**TASK TO CARRY OUT**
The entries must be repeated verbatim, and their images left out.
(DATA SUPPLIED Opens)
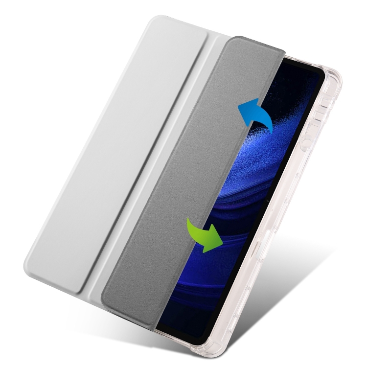 Funda para Tableta iPad Pro 13 2024 Cuero Inteligente TPU Transparente 3 Pliegues Ranura Bolígrafo (Gris Espacial)
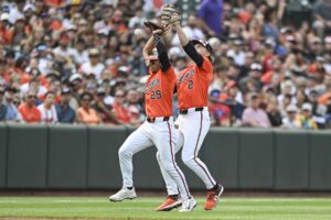 The Orioles (61-43) should have been out of the second inning, but third baseman Ramón Urías was charged with an error on a two-out popup that allowed Jackson Merrill and David Peralta to score. Urías and shortstop Gunnar Henderson converged on Kyle Higashioka’s popup and it dropped out of Urías’ glove.
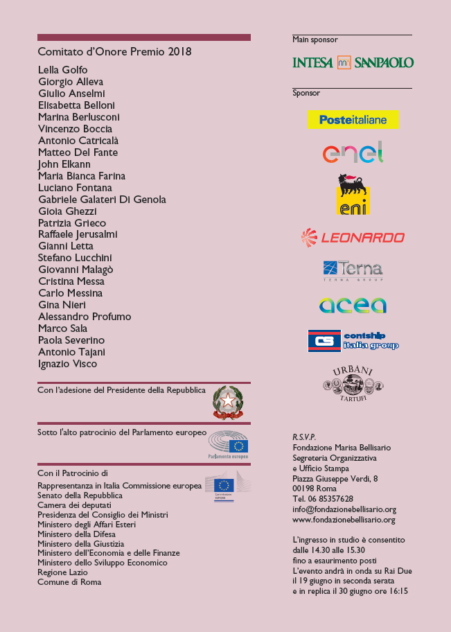 The ceremony will take place in Rome, at the Rai Auditorium of the Foro Italico in Piazza Lauro de Bosis. The event will then be aired on national TV (Rai Due) in the late evening of June 19th.
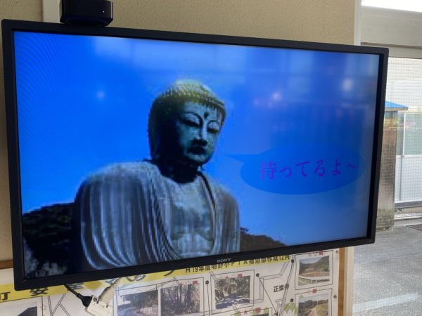 (そういえば、今朝、明野小玄関のモニターに大仏様からのメッセージがあったなぁ!)
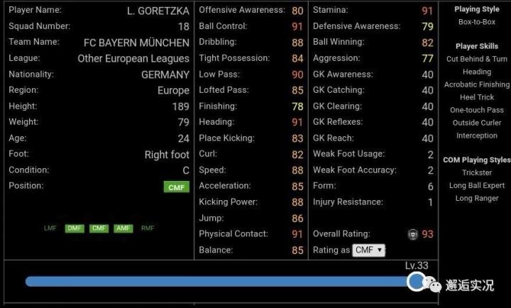 当然,更细的还需要结合球员技能,球员风格以及球队整体阵容阵型等进行详细考虑,在这里由于本篇是能力相关就不多叙述。
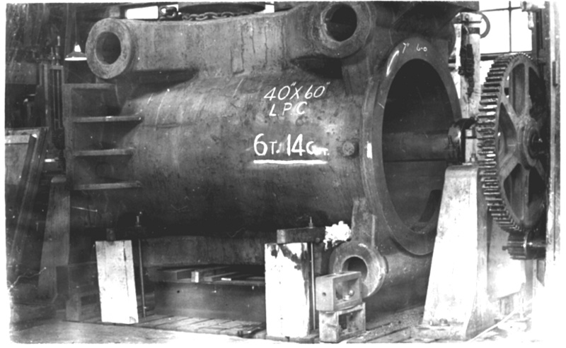 Low pressure cylinder for Plumb Street Mill engine being bored at Wellhouse Shop. 1958.
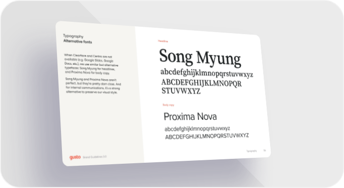 Typography Alternative fonts When Clearface and Centra are not available (e.g. Google Slides, Google Docs, etc.), we use similar but alternative typefaces: Song Myung for headlines, and Proxima Nova for body copy. Song Myung and Proxima Nova aren’t perfect, but they’re pretty darn close. And for internal communications, it’s a strong alternative to preserve our visual style. Song Myung abcdefghijklmnopqrstuvwxyz ABCDEFGHIJKLMNOPQR STUVWXYZ abcdefghijklmnopqrstuvwxyz ABCDEFGHIJKLMNOPQRSTUVWXYZ Proxima Nova Headline Body copy 56 Typography Brand Guidelines 3.0
(DATA SUPPLIED Closes)
**TASK RESULT**
 Funda para Tableta iPad Pro 13 2024 Cuero Inteligente TPU Transparente 3 Pliegues Ranura Bolígrafo (Gris Espacial)
 The Orioles (61-43) should have been out of the second inning, but third baseman Ramón Urías was charged with an error on a two-out popup that allowed Jackson Merrill and David Peralta to score. Urías and shortstop Gunnar Henderson converged on Kyle Higashioka’s popup and it dropped out of Urías’ glove.
 The ceremony will take place in Rome, at the Rai Auditorium of the Foro Italico in Piazza Lauro de Bosis. The event will then be aired on national TV (Rai Due) in the late evening of June 19th.
 (そういえば、今朝、明野小玄関のモニターに大仏様からのメッセージがあったなぁ!)
 当然,更细的还需要结合球员技能,球员风格以及球队整体阵容阵型等进行详细考虑,在这里由于本篇是能力相关就不多叙述。
 Low pressure cylinder for Plumb Street Mill engine being bored at Wellhouse Shop. 1958.
 Typography Alternative fonts When Clearface and Centra are not available (e.g. Google Slides, Google Docs, etc.), we use similar but alternative typefaces: Song Myung for headlines, and Proxima Nova for body copy. Song Myung and Proxima Nova aren’t perfect, but they’re pretty darn close. And for internal communications, it’s a strong alternative to preserve our visual style. Song Myung abcdefghijklmnopqrstuvwxyz ABCDEFGHIJKLMNOPQR STUVWXYZ abcdefghijklmnopqrstuvwxyz ABCDEFGHIJKLMNOPQRSTUVWXYZ Proxima Nova Headline Body copy 56 Typography Brand Guidelines 3.0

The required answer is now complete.